As this year’s broadcast network upfront market just wrapped up, we can see the force that’s been driving sales: Fear. ABC, CBS, CW, Fox and NBC seem to believe that the economy will weaken. They’re selling as much of their primetime ad inventory for the 2011-2012 season as they can before it does. Although there are no official figures for the upfront market, word has it that most of the networks are selling about 80% of their inventory this year — up from an average of about 77% last year and 67% the year before. And advertisers are paying higher prices for network TV time because they’re still afraid that alternative platforms, including digital, aren’t potent enough to move product.
The five English-language broadcast networks did well enough to boast about how effectively they played their hands. Their collective ad dollar haul was $9.1 billion-$9.2 billion, up from $8.5 billion last year.
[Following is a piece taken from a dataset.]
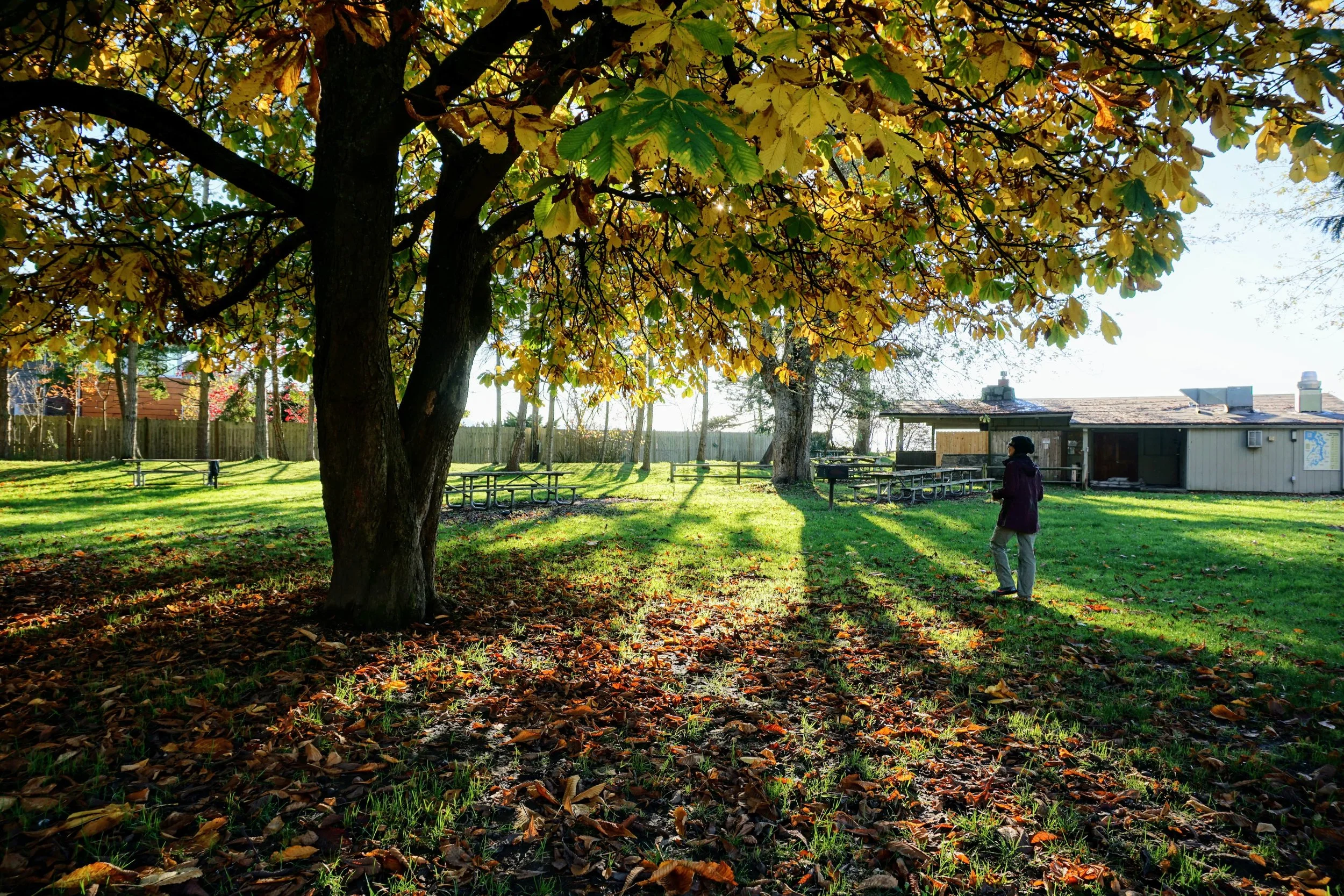 Parks, for us are oases in the desert of life's busyness. Like an oasis, providing an escape from the hardships of routine, a refreshing gulp of nature that leaves us hydrated long after leaving, a necessity to be returned to. We visited Saltwater State Park in the sunny brilliance of a Fall afternoon. The chestnut trees, having given up their burdens, bore a sparseness of yellowing leaves. The evidence of their once substantial canopies now lay underfoot in the form of yellow to brown leaves and partially gnawed chestnuts. Squirrels hopped through the grasses of the picnic area, carrying out their preparations for cooler weather to come, but for today, it was still Fall.

Unit CPM prices were up about 14% for CBS, 11% for ABC and CW, 10% for Fox, and 9% for NBC. That’s pretty good considering that their ratings were down across the board in the season that ended in May, and TV audiences are growing older. But for the most part, the price increases were “smaller than what people were writing about four to six weeks ago,” says Jordan Levin, former CEO of the WB Network who now runs talent management company Generate. For instance, the projections for the total volume of ad sales by the five broadcast nets were hovering around $9.5 billion.
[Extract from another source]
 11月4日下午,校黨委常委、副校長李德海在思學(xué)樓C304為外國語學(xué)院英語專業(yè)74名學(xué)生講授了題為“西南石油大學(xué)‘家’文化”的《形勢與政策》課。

CBS is widely perceived as the season’s big winner even though its 14% price increase is short of its original goal of 18%. Even in private, CBS executives insisted that it was a reasonable target — not just a negotiating ploy — considering that scatter prices were running as much as 40% higher than last year’s upfront rates. CBS Corp CEO Les Moonves told an investor conference in March that if CBS didn’t receive “a substantial increase” in prices in this year’s upfront, then “we’ll sell nothing. … We’ll sell it all in scatter.” But that was just bluster in a period of slowing job growth and rising gas prices. “We’re not going to see increases in scatter in the 40% range with the economy looking like this,” says Miller Tabak analyst David Joyce.
The fact that CBS was able to raise CPMs by 14% did leave some market watchers wondering whether Fox was too eager to cut deals ahead of its rivals and should have held out for higher ad prices. But it’s hard to make a direct comparison with the other networks: Fox’s upfront deals did not include one of its most high-profile new shows — Simon Cowell’s The X Factor, which has separate sponsorship deals including one with Chevrolet.
Meanwhile, observers say that — except for CW — the upfront market was largely unaffected by the networks’ efforts to raise prices by offering to run TV ads on digital platforms too. “Integrated marketing deals take time to work out,” Levin says.
Now that the broadcast selling season has wrapped up, advertisers will turn their attention to cable networks. Executives say that recent deals make them optimistic that cable’s unit prices will begin to approach those of the broadcast networks. But cable doesn’t have that cachet just yet. Cable network scatter prices early this year were just 20% ahead of what they charged in last year’s upfronts. And executives say that if economic indicators continue to deteriorate then — unlike with the broadcast networks — some major buyers may hold out for better deals later in the year.